341 μs ± 27.9 μs per loop (mean ± std. dev. of 7 runs, 1,000 loops each)


### On two batches of arrays with distinct HP

In [35]:
key, subkey = jax.random.split(key)
a = jax.random.uniform(subkey, (50, 100))  # 5 batches of 10-dimensional data
key, subkey = jax.random.split(key)
b = jax.random.uniform(subkey, (50, 150))  # 5 batches of 15-dimensional data

# Create distinct hyperparameters for each batch
key, subkey = jax.random.split(key)
distinct_length_scales = jax.random.uniform(subkey, (50,)) + 0.5  # Ensuring positive values
key, subkey = jax.random.split(key)
distinct_variances = jax.random.uniform(subkey, (50,)) + 0.5  # Ensuring positive values

distinct_length_scales, distinct_variances

(Array([0.69834626, 1.1941253 , 0.74907124, 1.4650234 , 0.6623002 ,
        0.5150695 , 1.3077172 , 0.8598883 , 1.3379186 , 0.5345807 ,
        0.9925809 , 1.0119901 , 0.6867107 , 1.3121855 , 1.4377677 ,
        1.397761  , 0.66495323, 1.1306376 , 0.95631206, 0.6137631 ,
        0.86514413, 1.2786899 , 1.0824803 , 0.89162004, 1.080331  ,
        0.70636487, 0.88181865, 1.2177788 , 0.9001007 , 0.88983023,
        1.0880367 , 1.0784531 , 1.1646242 , 1.3984015 , 1.2634037 ,
        0.5314708 , 0.53026426, 1.309241  , 0.7298783 , 1.2418199 ,
        0.9763527 , 0.52760875, 1.0559071 , 1.2554548 , 1.3978969 ,
        1.2237661 , 0.7706127 , 1.2761428 , 1.1990191 , 0.59786415],      dtype=float32),
 Array([0.9009923 , 0.7235527 , 0.8779906 , 1.007704  , 0.8343816 ,
        0.961216  , 0.652822  , 0.7110219 , 0.84446895, 1.1748973 ,
        0.5548018 , 1.3568562 , 1.4311233 , 0.9435116 , 0.68918073,
        0.751114  , 1.4021089 , 1.2387986 , 0.9405923 , 1.2024236 ,
        0.8921603 , 0.5305

In [36]:
res1 = old_RBF(a, b, length_scale=distinct_length_scales, variance=distinct_variances)

In [37]:
res2 = new_RBF(a, b, length_scale=distinct_length_scales, variance=distinct_variances)

In [38]:
jnp.allclose(res1, res2)

Array(True, dtype=bool)

In [39]:
%timeit old_RBF(a, b, length_scale=distinct_length_scales, variance=distinct_variances).block_until_ready()

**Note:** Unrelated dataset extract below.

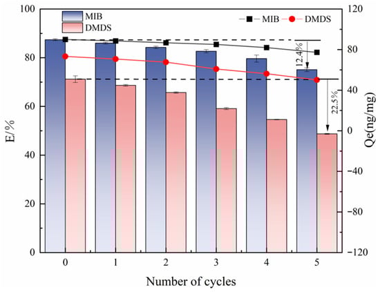 The reusability evaluation in this study was focused on the best-performing adsorbent (CSC). To this end, its cyclic regeneration performance was evaluated by a five-cycle adsorption–desorption experimental system. The quantitative analysis results showed (as shown in Figure 9) that the Qe of CSC on MIB only decreased by 5.4% after three cycles. A more pronounced decreasing trend was observed after the fourth cycle, while the adsorption of DMDS by CSC could only be maintained at a high level in the first two cycles. After five cycles, the adsorption capacity retention of CSC for MIB remained at the level of >75% after the complete cycle test, which was only decreased by 12.4% compared with the initial value. Qe decreased by 12.69 ng/mg, demonstrating good cyclic stability. However, the adsorption efficiency for DMDS showed a significant decay trend from the initial 71.20% to 48.74%. Qe decreased by 23.13 ng/mg. This differential cycling performance may be related to the limited solubility of DMDS in methanol solvent—its lower solubility characteristics led to restricted desorption kinetics, resulting in incomplete regeneration of the active site. Future work should include a comparative analysis of the regeneration potential of different activated carbons to comprehensively evaluate their economic and practical feasibility.

1.5 ms ± 79.4 μs per loop (mean ± std. dev. of 7 runs, 1,000 loops each)


In [40]:
%timeit new_RBF(a, b, length_scale=distinct_length_scales, variance=distinct_variances).block_until_ready()

318 μs ± 4.64 μs per loop (mean ± std. dev. of 7 runs, 1,000 loops each)


---
## Conclusion

---

## Conclusion

This benchmark highlights the fact that the new, jittable implementation is up to 20x faster on CPU, with little to no compromise on the API side.

The new implementation is also more flexible, as it allows for a mix of common and distinct hyperparameters for each batch, which can be useful in many cases.

Next steps to improve this implementation would be to check if the `vmap` calls are optimal (maybe lambda functions would work better with kwargs), and to test the implementation on GPU to see if the speedup is even more significant.